The ballet studio quickly became my refuge, it was something I held on to for many years. I took my anger and channeled it into a tireless work ethic. With minimal natural ability, I became a decent dancer through sheer will and drive. I continued to dance in college, because I had little desire for anything else. After college, I taught dance and continued to thrive in my safe place.
Jump ahead many years. I began my cosplay journey, choosing to represent Wonder Woman from the record-breaking 2017 film. This was the first time I saw a solo female driven film that was given all the ingredients to be a success. Ingredients that are usually only reserved for male stories. I deeply resonated with this movie. The film was in her voice, and from her perspective. I saw a female character stand up to sexism. She was not victimized, or sexualized. I saw a female character not only fight and defend herself, but defend others as well. She didn’t take shit from anyone. She lifted up the women around her. Even though she was on her heroes journey, still figuring out her own powers, she was confident, and strong. She was compassionate, kind and understanding. She helped others, especially those who had less or who needed help.
Through cosplay, I have found a fun and enriching “hobby” I can enjoy with my husband and friends. In addition, I give back to charities and my community.
Not long ago, I decided to add another character to my cosplay repertoire. She too is a strong, female Superhero. Captain Carter is not as well known as Wonder Woman, but they share many similarities. I mention her, because both characters are often shown carrying a shield.
Recently, I was working in a personal growth session. We were focusing on getting rid of past pain and anger, particularly regarding my late father. I was asked to close my eyes, clear my mind and visualize being in an empty room with him. Immediately, my eyes began to well up. I was asked, what do you feel?
Anger, I said.
Is there anything in the space between you and your father?
Yes, I said. I’m behind a wall of anger. I’m shielding myself.
What does the shield look like?
It looks . . . . not that different from what I carry as Wonder Woman, I said. But perhaps a little bigger.
That moment was an epiphany for me. From years and years of feeling unprotected, defenseless and under attack as a child, it makes perfect sense that as an adult I would choose to represent the most iconic female Superhero of all time. Every time I suit up, I subconsciously vow that no one will ever be unprotected while I am around.

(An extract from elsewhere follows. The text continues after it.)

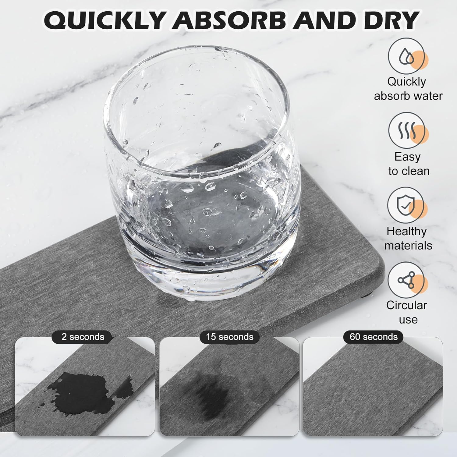- Quick Water Absorption and Fast Drying --- Our fast drying stone sink tray is made from natural diatom mud and plant fibers,the small pores in diatomaceous earth give it amazing water absorption.They can absorb water and dry out in a few minutes.This water absorbing stone makes the bathroom countertop more dry and tidy.

As an adult, I usually feel pretty strong, confident and fearless. But in costume, it’s like those feelings are magnified. Even though my sword is resin and my shield is foam (however, I do have an 8 lb. metal shield) the power of this character surges through me. Being in full costume feels so natural, so at home, it’s almost like something within me, something that’s always been there, is reawakening.
This all may seem obvious to those reading this now or even to those who know the environment I grew up in, but this discovery was extremely powerful and meaningful to me. From the painful chaos I experienced as a child, this realization has helped me to see with more clarity that the tapestry of who I am is continuing to evolve.
I realize the experiences of my childhood, helped shape me into who I am (for better or worse). However, now I have the power to choose what I hold onto and what I let go of.
I choose to hold on to
My strength – of mind, of body, of will
The core values I hold dear
The strong woman I am.
I choose to let go of
The pain and anger (my armor and shield)
The fearful little girl I was.
We are never too old, or too adult to grow. We should strive to continue to better ourselves. To evolve past our old pain and traumas. To emerge like a butterfly or a phoenix, reborn, and anew. If resonating with a Superhero or playing dress up helps me get there, then I’m all for it.
Try not to judge others. You have no idea what dragons they’ve had to fight to get here. And we are all fighting our own battles!